Assignment: The records follow. Transcribe only the lines from the line containing "Найдите значение одночлена" through the end, both ends included, and leave out the pictures.

Stored items
********

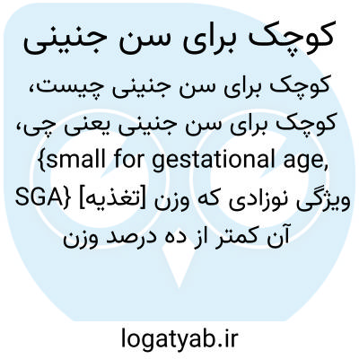 {small for gestational age, SGA} [تغذیه] ویژگی نوزادی که وزن آن کمتر از ده درصد وزن استاندارد سنش باشد
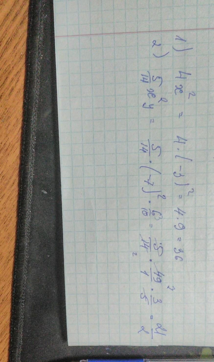Найдите значение одночлена 1)4x во 2 степени, если x=-3 2)5|14 x во второй степени y, если x=-7,y=0,6 пожалуйста
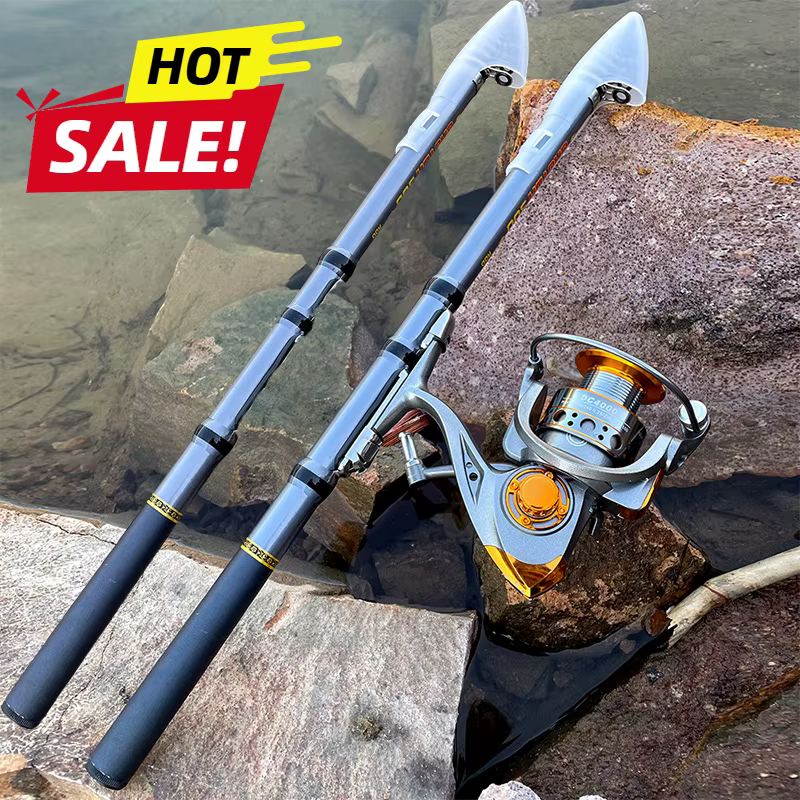 Combo de caña de pescar telescópica en roca de 1,5-3,0 M, caña de carbono corta ultraligera y carrete giratorio, relación de engranaje 5,2: 1, arrastre máximo de 8kg
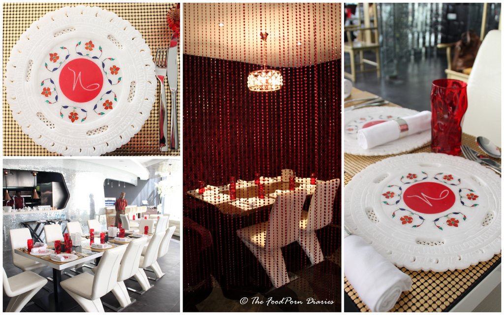 After a not so cryptic guessing game (like aspect cuisine), if you shake off the mysterious ‘erie’, you will realize that in Nimisserie, the Naanerie is the place where Naans come from. (Think Bacon Naan, Apricot Chilli Naan and Chicken Manchurian Naan served in mini wheelbarrows). What needs some digestion however, is the same tedious play on the words Kebaberie and Tawakerie. The latter being similar to a Teppanyaki where the chefs will customize your dish according to your preferences and serve the same in a live counter set up. Chef uses some interesting alterations to a standard tandoor and salamander to achieve melt in the mouth grills and breads. The second floor also has private dining spaces segregated from the main area using a glitzy red bauble curtain.
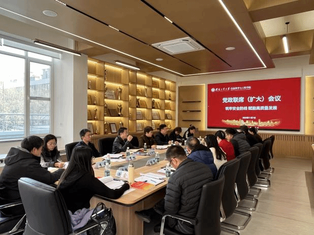专题学习会后,学院围绕“筑牢安全防线 赋能学院高质量发展”及时召开了党政联席(扩大)会议,刘斌锚定学院“十四五”规划目标,对未完成的核心任务明确时间节点与责任主体,实施靶向突破,分析学科、人才等领域的差距,明确“十五五”发展路径。李春华明确表示,安全是发展的前提,发展是安全的保障,统筹发展和安全,是我们党治国理政的一个重大原则,学院持续巩固“一融双高”格局,将党的二十届四中全会精神的学习成果转化为推动工作的强大动力,引导干部师生担当作为,确保安全防线稳固,重点任务落地见效。
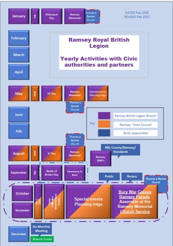 Below is an image showing the activities that Ramsey & District Branch undertake on an annual rolling cycle. All these activities are a team effort between the Branch and Ramsey Town Council and on Remembrance Sunday, Ramsey Rotary too.

********

Solution to this problem:
Найдите значение одночлена 1)4x во 2 степени, если x=-3 2)5|14 x во второй степени y, если x=-7,y=0,6 пожалуйста
 Combo de caña de pescar telescópica en roca de 1,5-3,0 M, caña de carbono corta ultraligera y carrete giratorio, relación de engranaje 5,2: 1, arrastre máximo de 8kg
 After a not so cryptic guessing game (like aspect cuisine), if you shake off the mysterious ‘erie’, you will realize that in Nimisserie, the Naanerie is the place where Naans come from. (Think Bacon Naan, Apricot Chilli Naan and Chicken Manchurian Naan served in mini wheelbarrows). What needs some digestion however, is the same tedious play on the words Kebaberie and Tawakerie. The latter being similar to a Teppanyaki where the chefs will customize your dish according to your preferences and serve the same in a live counter set up. Chef uses some interesting alterations to a standard tandoor and salamander to achieve melt in the mouth grills and breads. The second floor also has private dining spaces segregated from the main area using a glitzy red bauble curtain.
专题学习会后,学院围绕“筑牢安全防线 赋能学院高质量发展”及时召开了党政联席(扩大)会议,刘斌锚定学院“十四五”规划目标,对未完成的核心任务明确时间节点与责任主体,实施靶向突破,分析学科、人才等领域的差距,明确“十五五”发展路径。李春华明确表示,安全是发展的前提,发展是安全的保障,统筹发展和安全,是我们党治国理政的一个重大原则,学院持续巩固“一融双高”格局,将党的二十届四中全会精神的学习成果转化为推动工作的强大动力,引导干部师生担当作为,确保安全防线稳固,重点任务落地见效。
 Below is an image showing the activities that Ramsey & District Branch undertake on an annual rolling cycle. All these activities are a team effort between the Branch and Ramsey Town Council and on Remembrance Sunday, Ramsey Rotary too.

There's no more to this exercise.